Source data:
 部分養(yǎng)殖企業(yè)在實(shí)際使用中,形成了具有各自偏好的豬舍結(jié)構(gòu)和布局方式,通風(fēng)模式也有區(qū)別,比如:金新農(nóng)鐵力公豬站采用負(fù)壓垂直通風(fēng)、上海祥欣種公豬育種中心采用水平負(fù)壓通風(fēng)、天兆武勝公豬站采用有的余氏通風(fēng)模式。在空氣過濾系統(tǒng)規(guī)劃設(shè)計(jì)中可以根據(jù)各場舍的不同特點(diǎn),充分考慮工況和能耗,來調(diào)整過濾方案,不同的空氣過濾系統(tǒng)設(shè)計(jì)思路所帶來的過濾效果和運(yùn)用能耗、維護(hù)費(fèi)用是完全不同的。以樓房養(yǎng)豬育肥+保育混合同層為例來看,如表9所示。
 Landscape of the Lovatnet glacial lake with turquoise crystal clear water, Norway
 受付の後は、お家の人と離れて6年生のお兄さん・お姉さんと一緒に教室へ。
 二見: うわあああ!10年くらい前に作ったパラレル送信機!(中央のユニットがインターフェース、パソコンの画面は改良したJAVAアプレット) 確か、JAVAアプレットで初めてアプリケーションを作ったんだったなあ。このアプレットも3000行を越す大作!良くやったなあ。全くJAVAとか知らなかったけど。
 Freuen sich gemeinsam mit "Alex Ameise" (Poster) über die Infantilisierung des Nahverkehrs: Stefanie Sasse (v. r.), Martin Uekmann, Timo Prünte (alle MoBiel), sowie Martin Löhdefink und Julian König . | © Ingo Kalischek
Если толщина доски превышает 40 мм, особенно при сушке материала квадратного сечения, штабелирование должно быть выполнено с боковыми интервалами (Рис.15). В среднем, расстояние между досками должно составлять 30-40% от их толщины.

---

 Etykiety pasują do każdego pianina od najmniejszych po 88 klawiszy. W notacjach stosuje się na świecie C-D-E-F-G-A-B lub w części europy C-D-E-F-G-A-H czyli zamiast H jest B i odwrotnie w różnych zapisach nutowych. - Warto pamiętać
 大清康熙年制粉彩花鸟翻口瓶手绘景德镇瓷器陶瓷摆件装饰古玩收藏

==

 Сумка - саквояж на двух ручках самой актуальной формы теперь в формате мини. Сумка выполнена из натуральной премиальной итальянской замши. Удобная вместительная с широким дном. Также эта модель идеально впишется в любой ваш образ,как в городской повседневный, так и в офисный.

About this exercise:
Copy the records above exactly, beginning at the line that contains "部分養(yǎng)殖企業(y" and stopping after the line that contains "受付の後は、お家の人と離れて6年生のお兄さん・お姉さんと一緒に教室へ。".

Exercise answer:
 部分養(yǎng)殖企業(yè)在實(shí)際使用中,形成了具有各自偏好的豬舍結(jié)構(gòu)和布局方式,通風(fēng)模式也有區(qū)別,比如:金新農(nóng)鐵力公豬站采用負(fù)壓垂直通風(fēng)、上海祥欣種公豬育種中心采用水平負(fù)壓通風(fēng)、天兆武勝公豬站采用有的余氏通風(fēng)模式。在空氣過濾系統(tǒng)規(guī)劃設(shè)計(jì)中可以根據(jù)各場舍的不同特點(diǎn),充分考慮工況和能耗,來調(diào)整過濾方案,不同的空氣過濾系統(tǒng)設(shè)計(jì)思路所帶來的過濾效果和運(yùn)用能耗、維護(hù)費(fèi)用是完全不同的。以樓房養(yǎng)豬育肥+保育混合同層為例來看,如表9所示。
 Landscape of the Lovatnet glacial lake with turquoise crystal clear water, Norway
 受付の後は、お家の人と離れて6年生のお兄さん・お姉さんと一緒に教室へ。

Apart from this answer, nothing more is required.